[llvm-commits] [llvm] r46307 - in /llvm/trunk: lib/Target/X86/X86ISelDAGToDAG.cpp lib/Target/X86/X86ISelLowering.cpp lib/Target/X86/X86InstrSSE.td test/CodeGen/X86/fp-stack-direct-ret.ll test/CodeGen/X86/fp-stack-ret-conv.ll test/CodeGen/X86/pr1505b.ll
Evan Cheng
evan.cheng at apple.com
Thu Jan 24 16:54:48 PST 2008
Is there a bugzilla on the scheduling deficiency?
Thx,
Evan
On Jan 24, 2008, at 12:07 AM, Chris Lattner <sabre at nondot.org> wrote:
> Author: lattner
> Date: Thu Jan 24 02:07:48 2008
> New Revision: 46307
>
> URL: http://llvm.org/viewvc/llvm-project?rev=46307&view=rev
> Log:
> Significantly simplify and improve handling of FP function results
> on x86-32.
> This case returns the value in ST(0) and then has to convert it to
> an SSE
> register. This causes significant codegen ugliness in some cases.
> For
> example in the trivial fp-stack-direct-ret.ll testcase we used to
> generate:
>
> _bar:
> subl $28, %esp
> call L_foo$stub
> fstpl 16(%esp)
> movsd 16(%esp), %xmm0
> movsd %xmm0, 8(%esp)
> fldl 8(%esp)
> addl $28, %esp
> ret
>
> because we move the result of foo() into an XMM register, then have to
> move it back for the return of bar.
>
> Instead of hacking ever-more special cases into the call result
> lowering code
> we take a much simpler approach: on x86-32, fp return is modeled as
> always
> returning into an f80 register which is then truncated to f32 or f64
> as needed.
> Similarly for a result, we model it as an extension to f80 + return.
>
> This exposes the truncate and extensions to the dag combiner,
> allowing target
> independent code to hack on them, eliminating them in this case.
> This gives
> us this code for the example above:
>
> _bar:
> subl $12, %esp
> call L_foo$stub
> addl $12, %esp
> ret
>
> The nasty aspect of this is that these conversions are not legal,
> but we want
> the second pass of dag combiner (post-legalize) to be able to hack
> on them.
> To handle this, we lie to legalize and say they are legal, then
> custom expand
> them on entry to the isel pass (PreprocessForFPConvert).
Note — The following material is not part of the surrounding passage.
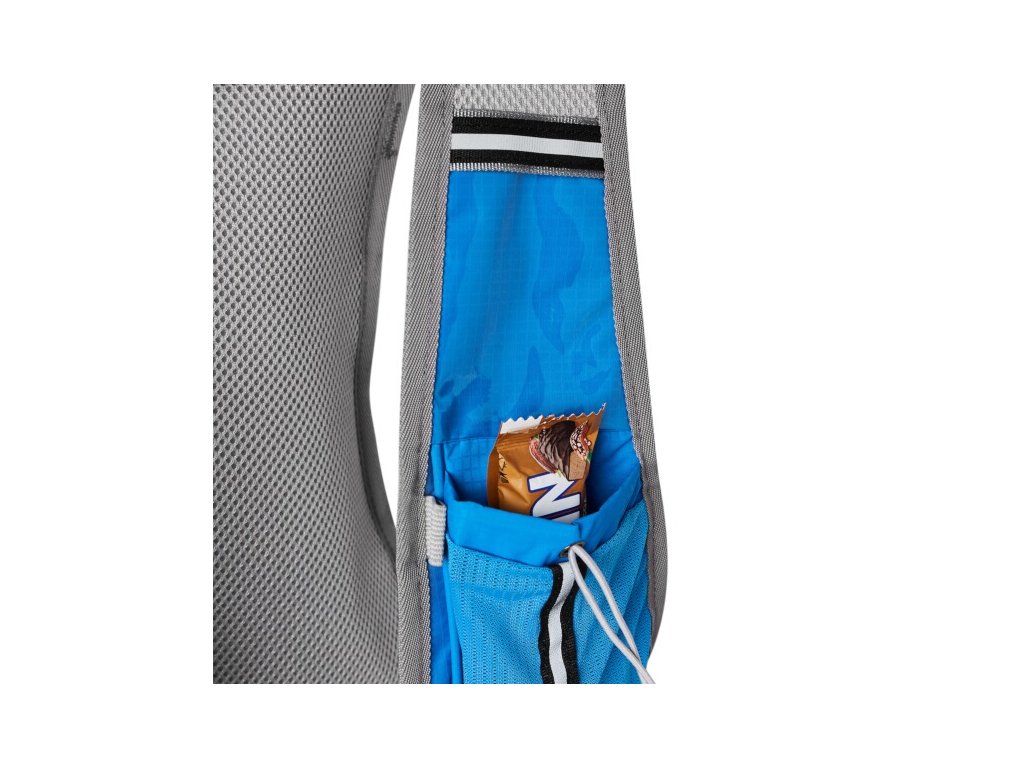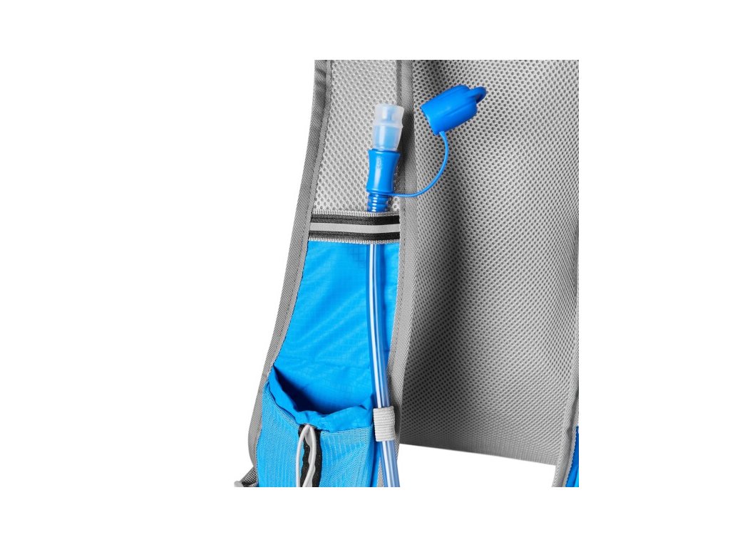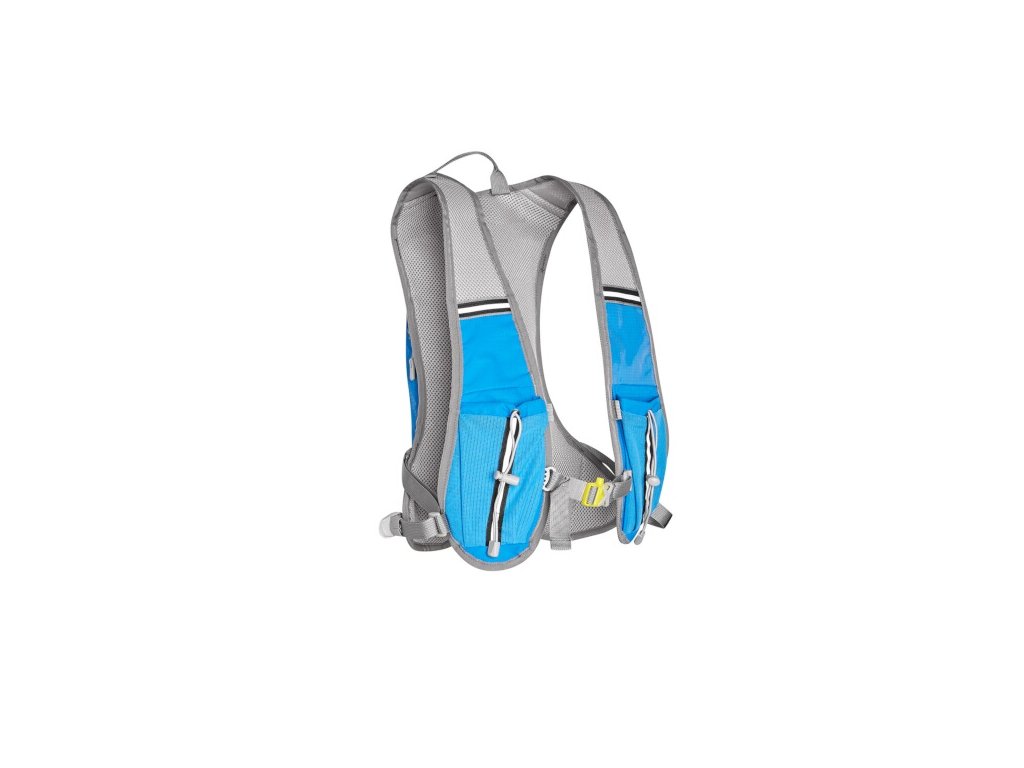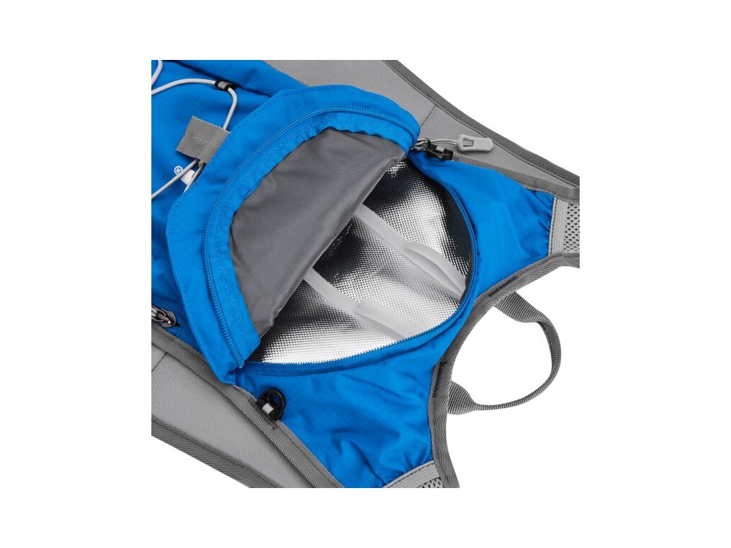 Hlavní komora batohu je opatřena přepážkou, v horní části se nachází 2 suché zipy pro zavěšení hydrovaku (není součástí dodávky). Zadní strana hlavní komory je opatřena hliníkovou fólií, která slouží jako izolace mezi hydrovakem a zády, takže nápoj se nebude ohřívat teplem od zad. Hadičku hydrovaku lze vyvést průvlaky na pravé i na levé straně pod ramenními panely. Přední strana batohu je opatřena gumovým lankem s brzdičkou, pod které lze uložit například karimatku. Níže nalezneme kapsu, ve které se skrývá síťka, kterou lze vytáhnout a pomocí karabinek připnout ke stranám batohu, síťka následně vytvoří kapsu, co které můžeme uložit například cyklistickou helmu, ešus apod.. Pod kapsou je reflexní panel, ke kterému si můžeme připnout další vybavení. Na pravé straně se skrývá další kapsa na zip, která je ideální pro telefon, peněženku, nebo například klíče. Na horní straně batohu je poutko pro snadné přenášení batohu v ruce. Záda a ramenní popruhy jsou vyrobeny ze síťoviny doplněné o prodyšnou pěnu, která zvyšuje prodyšnost panelu a záda se budou méně potit. Ramenní popruhy jsou opatřeny reflexními řemínky pro protažení hadičky od hydrovaku a kapsami ze síťoviny. Na levém popruhu se navíc nachází kapsička s průhlednou čelní stranou, do které lze uložit například kartičku pro případ ztráty, startovní číslo a podobně. Ramenní popruhy jsou spojeny hrudním pásem, který lze výškově nastavit. Popruh je spojen plastovou přezkou s píšťalkou.

This is
> gross, but
> less gross than the code it is replacing :)
>
> This also allows us to generate better code in several other cases.
> For
> example on fp-stack-ret-conv.ll, we now generate:
>
> _test:
> subl $12, %esp
> call L_foo$stub
> fstps 8(%esp)
> movl 16(%esp), %eax
> cvtss2sd 8(%esp), %xmm0
> movsd %xmm0, (%eax)
> addl $12, %esp
> ret
>
> where before we produced (incidentally, the old bad code is
> identical to what
> gcc produces):
>
> _test:
> subl $12, %esp
> call L_foo$stub
> fstpl (%esp)
> cvtsd2ss (%esp), %xmm0
> cvtss2sd %xmm0, %xmm0
> movl 16(%esp), %eax
> movsd %xmm0, (%eax)
> addl $12, %esp
> ret
>
> Note that we generate slightly worse code on pr1505b.ll due to a
> scheduling
> deficiency that is unrelated to this patch.
>
>
> Added:
> llvm/trunk/test/CodeGen/X86/fp-stack-direct-ret.ll
> llvm/trunk/test/CodeGen/X86/fp-stack-ret-conv.ll
> Modified:
> llvm/trunk/lib/Target/X86/X86ISelDAGToDAG.cpp
> llvm/trunk/lib/Target/X86/X86ISelLowering.cpp
> llvm/trunk/lib/Target/X86/X86InstrSSE.td
> llvm/trunk/test/CodeGen/X86/pr1505b.ll
>
> Modified: llvm/trunk/lib/Target/X86/X86ISelDAGToDAG.cpp
> URL: http://llvm.org/viewvc/llvm-project/llvm/trunk/lib/Target/X86/X86ISelDAGToDAG.cpp?rev=46307&r1=46306&r2=46307&view=diff
>
> ===
> ===
> ===
> =====================================================================
> --- llvm/trunk/lib/Target/X86/X86ISelDAGToDAG.cpp (original)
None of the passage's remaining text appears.